L’ensemble de ce dispositif repose sur une architecture budgétaire évaluée à 51 milliards de dirhams par an à partir de 2025. Cette enveloppe comprend 14 milliards pour l’AMO, 20 milliards pour les allocations familiales, 16 milliards pour la réforme des retraites et 1 milliard pour l’IPE. D’autres projections, selon les sources et les scénarios, évoquent une charge oscillant entre 29 et 39 milliards de dirhams.

Au cœur de cette politique sociale, le Registre social unifié, mis en place par la loi 72.18, occupe une fonction centrale. Il collecte les données socio-économiques des ménages, les analyse et leur attribue un score de vulnérabilité. Ce mécanisme permet d’orienter les aides de manière plus fine, en évitant les erreurs de ciblage. L’Agence nationale des registres (ANR), en charge du système, délivre à chaque foyer un identifiant numérique unique, garantissant une traçabilité et une transparence accrues.

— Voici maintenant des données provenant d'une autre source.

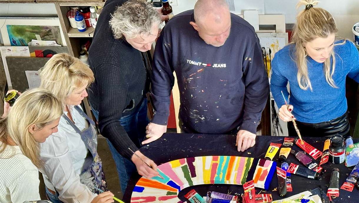 Kunst verbroedert en opent de blik! Het laat de deelnemers letterlijk met andere ogen kijken naar zichzelf, het doek, naar elkaar en uiteindelijk naar het resultaat. Voor elk doel en elke doelgroep kunnen wij een workshop op maat bieden, geheel ingevuld naar jouw wensen, doelen, gedachten of dromen.

Parallèlement, un programme d’aide au logement a été instauré début 2024. Il offre une subvention directe à l’achat d’un premier bien immobilier. Deux formules sont prévues : 100.000 dirhams pour un logement coûtant jusqu’à 300.000 dirhams TTC, et 70.000 dirhams pour un bien dont le prix se situe entre 300.000 et 700.000 dirhams TTC. Cette aide est également ouverte aux Marocains résidant à l’étranger, qui représentent 25 % des 63.000 bénéficiaires recensés depuis le lancement. La plateforme numérique dédiée, daamsakane.ma, a déjà enregistré plus de 114.000 demandes.

Ces différents programmes, étayés par un arsenal juridique et une mobilisation financière conséquente, traduisent une volonté politique affirmée d’ancrer le Maroc dans une logique d’État social. L’ensemble du dispositif repose sur une approche structurée, appuyée sur des outils numériques, et mise en œuvre progressive selon les priorités fixées par les autorités.